*** Opening RECORDS FOR PROCESSING ***

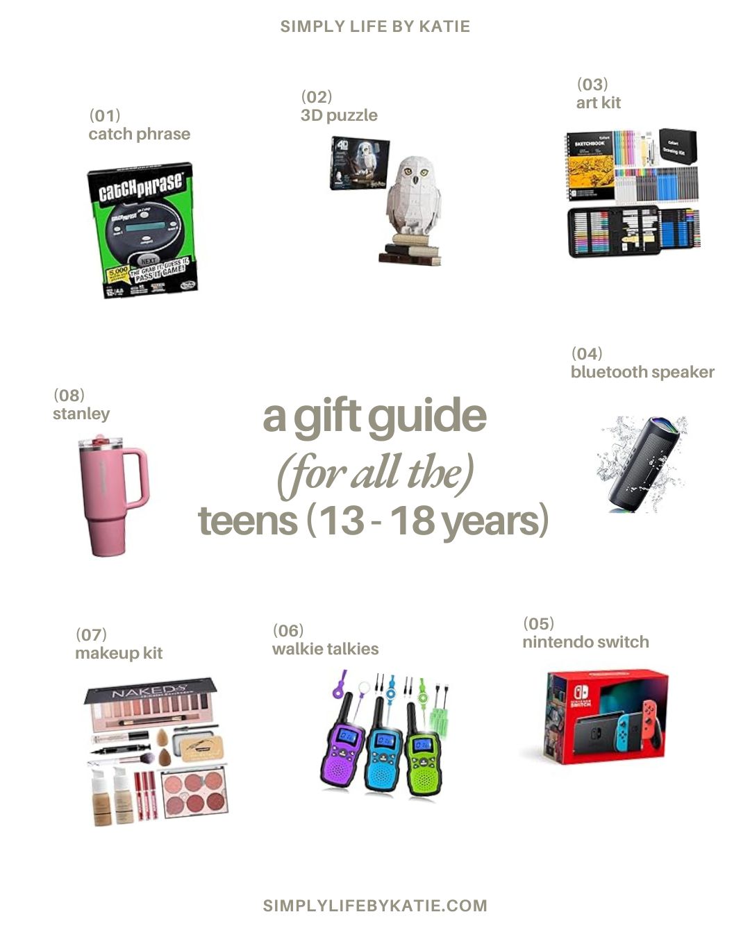 (01) catch phrase, (02) 3D owl puzzle, (03) art kit, (04) bluetooth speaker, (05) nintendo switch, (06) walkie talkies, (07) makeup kit, (08) stanley cup
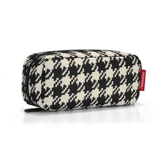 Kosmetyczka wykonana jest z wytrzymałego poliestru w pepitkę i zamykana na suwak. Wewnątrz znajduje się płaska, zasuwana kieszonka oraz 2 boczne.
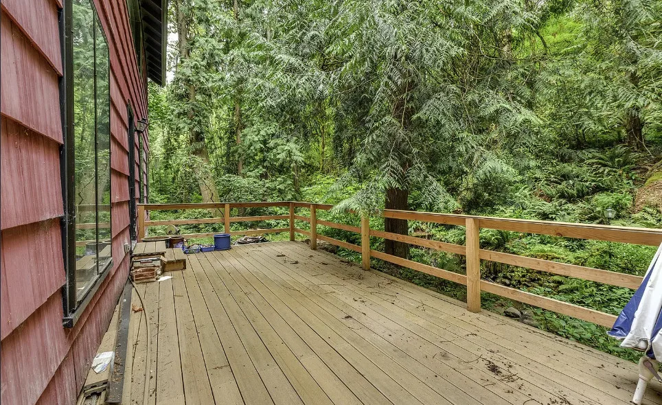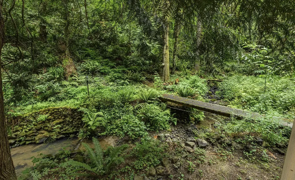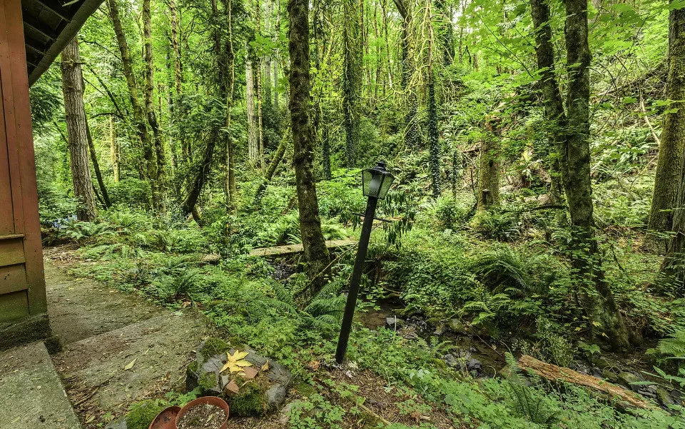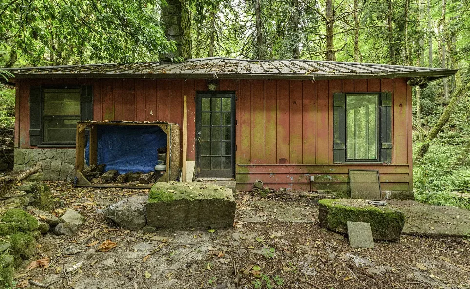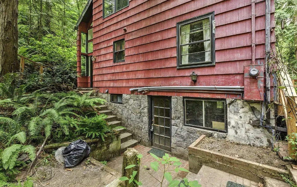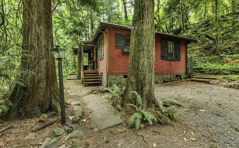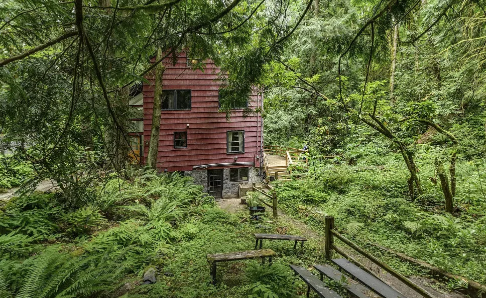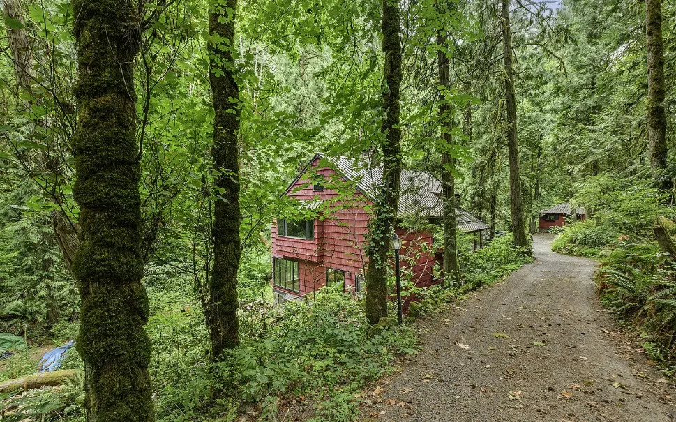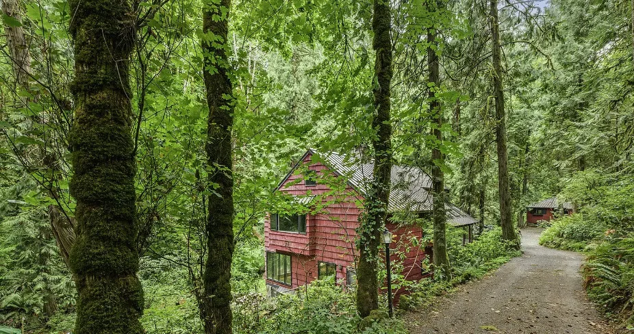 Take a look at that setting! Feel like you might see Bigfoot walking around in there. There is a guesthouse on the property. The house was built in 1940. It is located on 9.39 acres in Portland, Oregon. The house features a great entryway with soaring ceilings and a wall of windows, parquet flooring, built-in bookshelves, stone fireplace and a spacious kitchen. There is a large basement. The guesthouse has two bedrooms and one bathroom. Four bedrooms, two bathrooms and 2,958 square feet. $899,000
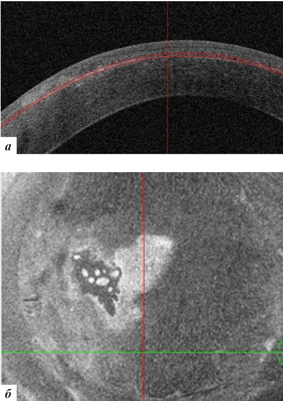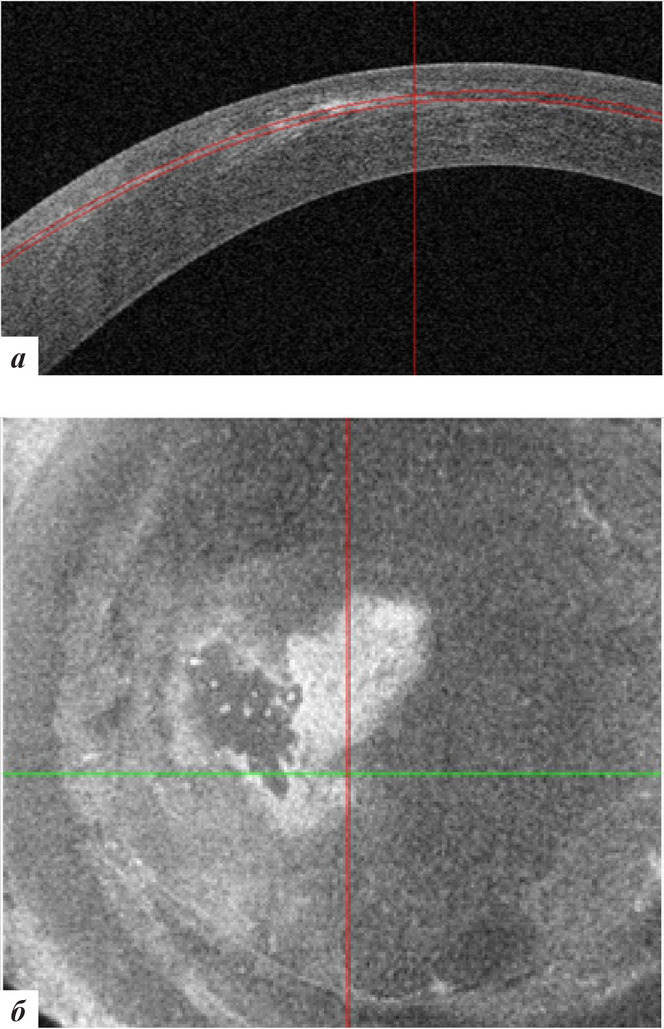 Рис. 11. Данные ОКТ роговицы левого глаза через 18 месяцев после лечения: а – горизонтальная проекция, б – фронтальная проекция
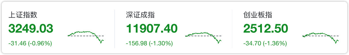 大盘午后跳水,创业板指一度跌超2%。截至收盘,沪指跌0.96%,深成指跌1.30%,创业板指跌1.36%,两市超4500只个股下跌。两市全天成交额11930亿元,北向资金逆市净买入67.94亿元。
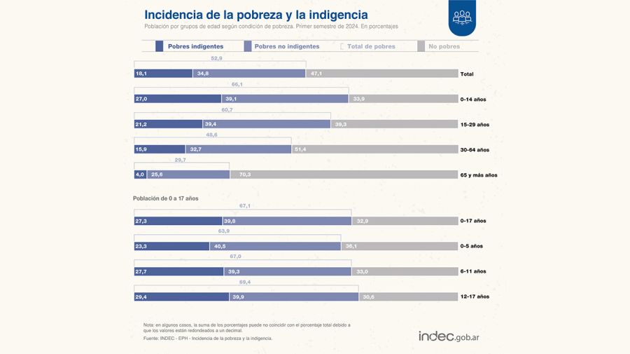 El segmento de niños de 0 a 14 años fue el más afectado por el aumento de la pobreza a 52,9% durante el primer semestre de 2024. Además, la indigencia trepó a 18,1%.
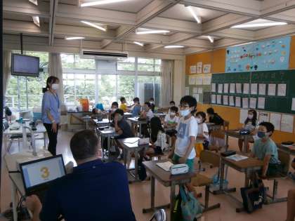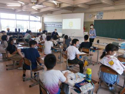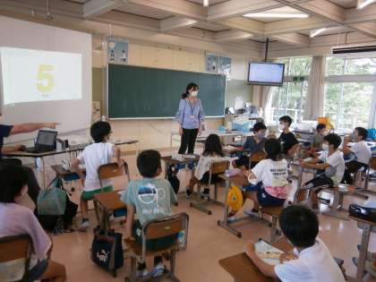 英語で朝起きる時刻や夜寝る時刻を尋ねる練習をしました。
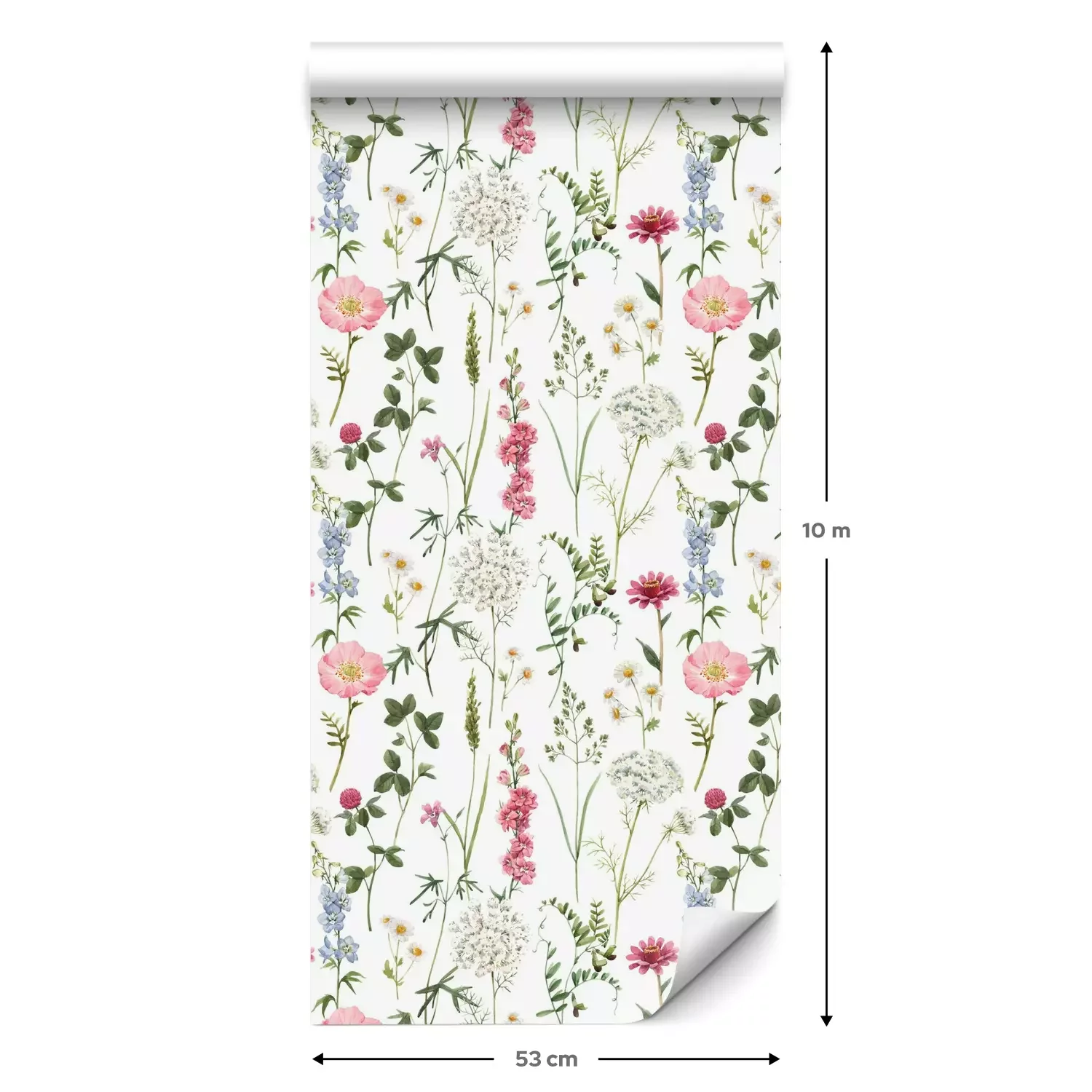 Een standaardrol behang heeft een afmeting van 0,53 m x 10 m, wat voldoende is om ongeveer 5 m² muur te bedekken.

*** Closing RECORDS FOR PROCESSING ***

Transcribe the records above exactly, omitting every picture they contain.

THE COMPLETED TASK:
 (01) catch phrase, (02) 3D owl puzzle, (03) art kit, (04) bluetooth speaker, (05) nintendo switch, (06) walkie talkies, (07) makeup kit, (08) stanley cup
 Kosmetyczka wykonana jest z wytrzymałego poliestru w pepitkę i zamykana na suwak. Wewnątrz znajduje się płaska, zasuwana kieszonka oraz 2 boczne.
 Take a look at that setting! Feel like you might see Bigfoot walking around in there. There is a guesthouse on the property. The house was built in 1940. It is located on 9.39 acres in Portland, Oregon. The house features a great entryway with soaring ceilings and a wall of windows, parquet flooring, built-in bookshelves, stone fireplace and a spacious kitchen. There is a large basement. The guesthouse has two bedrooms and one bathroom. Four bedrooms, two bathrooms and 2,958 square feet. $899,000
 Рис. 11. Данные ОКТ роговицы левого глаза через 18 месяцев после лечения: а – горизонтальная проекция, б – фронтальная проекция
 大盘午后跳水,创业板指一度跌超2%。截至收盘,沪指跌0.96%,深成指跌1.30%,创业板指跌1.36%,两市超4500只个股下跌。两市全天成交额11930亿元,北向资金逆市净买入67.94亿元。
 El segmento de niños de 0 a 14 años fue el más afectado por el aumento de la pobreza a 52,9% durante el primer semestre de 2024. Además, la indigencia trepó a 18,1%.
 英語で朝起きる時刻や夜寝る時刻を尋ねる練習をしました。
 Een standaardrol behang heeft een afmeting van 0,53 m x 10 m, wat voldoende is om ongeveer 5 m² muur te bedekken.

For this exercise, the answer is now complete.